The underlying premise of BofA's optimistic assessment is further reinforced by external airfare data. The Travel Price Index from the U.S. Travel Association reported a significant 26.7% year-over-year surge in airfares in May, alongside a 2.7% month-over-month increase. While jet fuel prices have decreased by about 35% from their early April highs of over $4.88 per gallon, they still remain above last year's levels. Data from the Airlines Reporting Corp. also indicates higher ticket prices, with May U.S. travel agency air ticket sales reaching $9.8 billion, a 15% increase year-over-year, and an 18% rise in the average ticket price to $628. This combination of growing sales and stable passenger numbers suggests airlines are generating more revenue per passenger, rather than solely relying on increased volume. The Transportation Security Administration (TSA) checkpoint traveler data further confirms robust demand, with daily traveler numbers consistently around 2.9 million in late June.
Despite the current strong demand, a potential challenge looms in the latter part of 2026: an increase in airline capacity. BofA projects domestic capacity to expand modestly by 0-1% through September, which supports current fare levels. However, scheduled increases show domestic capacity growth of 3.9% in October and 6.9% in November. While some of these schedules may be revised downwards, the firm suggests that cuts might be less severe than in previous quarters. This delicate balance between sustained demand and expanding supply will be crucial. If airlines aggressively add too many seats in the fourth quarter, the favorable unit revenue trends currently benefiting Delta and United could soften, even if demand remains healthy. This dynamic suggests that while the near-term outlook is bright, investors should closely monitor executive statements regarding late 2026 schedules to gauge the industry's ability to maintain pricing discipline amidst rising capacity.

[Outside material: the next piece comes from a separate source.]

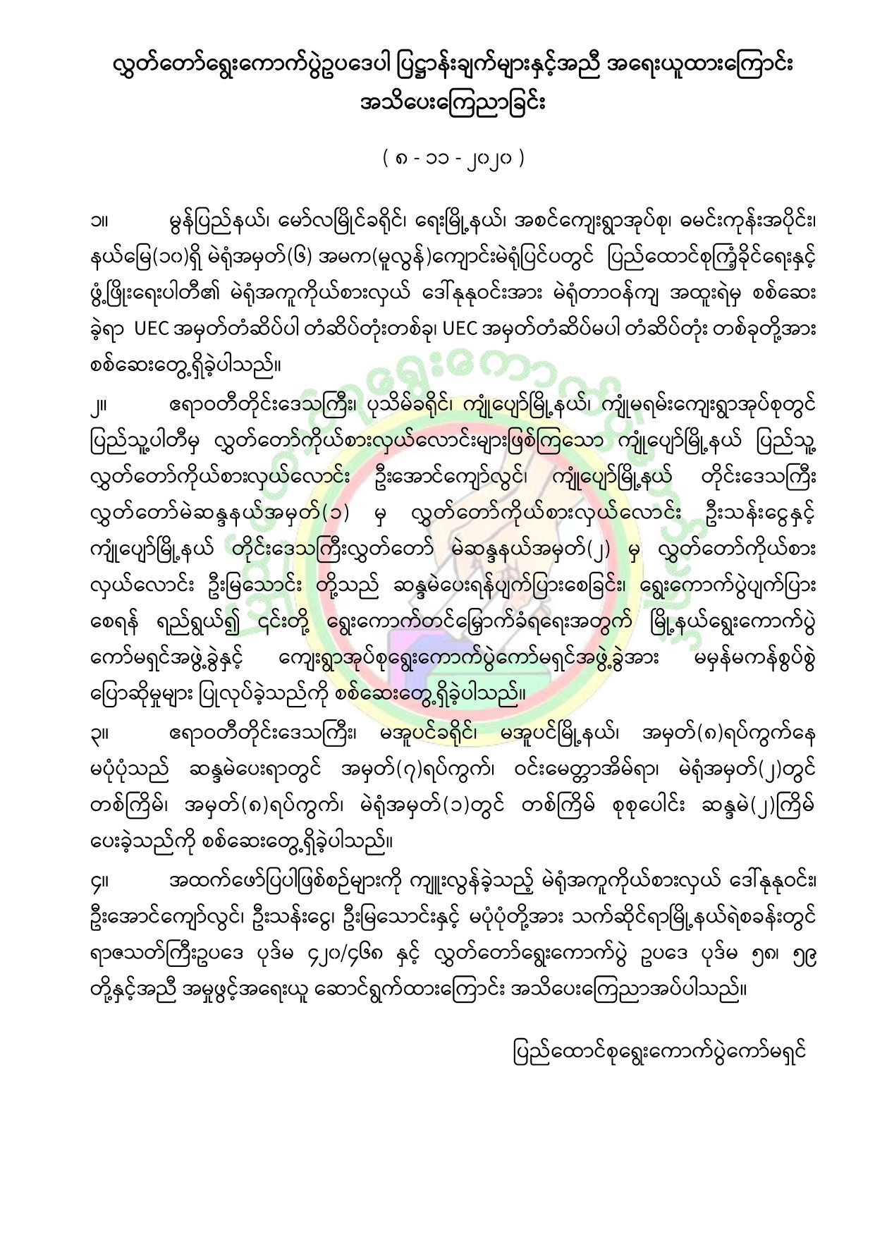 ဆန္ဒမဲ (၂) ကြိမ်ပေးသူအား ရွေးကောက်ပွဲဥပဒေအရ အရေးယူ
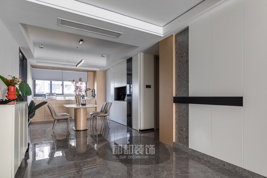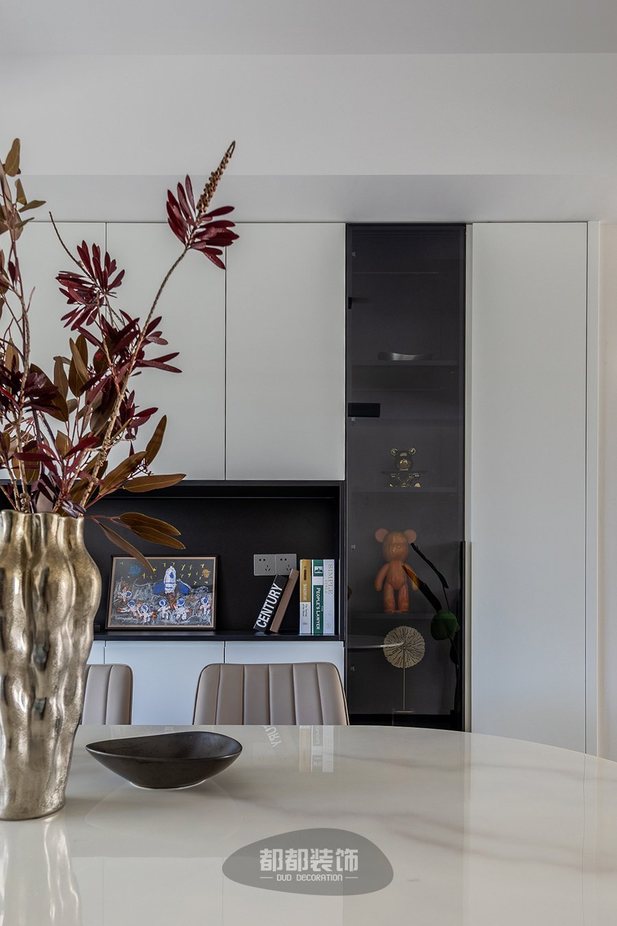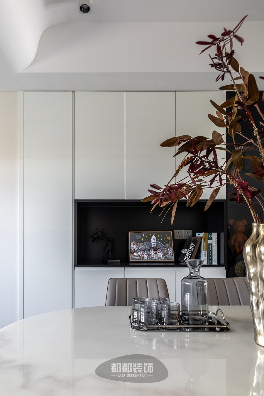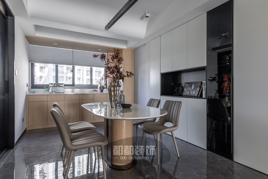 餐厅置于靠窗处,阳光、微风、美食,构建出理想的用餐场所,大理石餐桌摒弃繁复,简洁明快,让身处其中的人得到身与心的深度放松,椭圆形餐桌更符合中国人生活习惯体现家的温馨感。

The latest report from Bank of America offers a compelling perspective on the current trajectory of the airline industry, particularly for major carriers like Delta and United. It highlights a rare confluence of favorable market conditions: robust consumer demand, upward-trending airfares, and easing fuel costs. This alignment creates a "sweet spot" that is expected to drive significant profitability for airlines in the near term. From a financial analyst's standpoint, this suggests a window of opportunity for investors, as earnings per share forecasts have been significantly upgraded. However, the report also serves as a crucial reminder of the inherent volatility in the airline sector, particularly concerning capacity management. The delicate balance between meeting demand and avoiding oversupply remains a perpetual challenge. The potential for increased capacity in late 2026, if not managed prudently, could dilute some of these gains. This situation underscores the importance of strategic discipline by airline management to ensure sustained profitability. For consumers, this could imply that while current fares are high, the prospect of increased capacity might lead to more competitive pricing in the future. Ultimately, the industry's ability to navigate these dynamics will determine whether this "sweet spot" extends beyond the immediate horizon.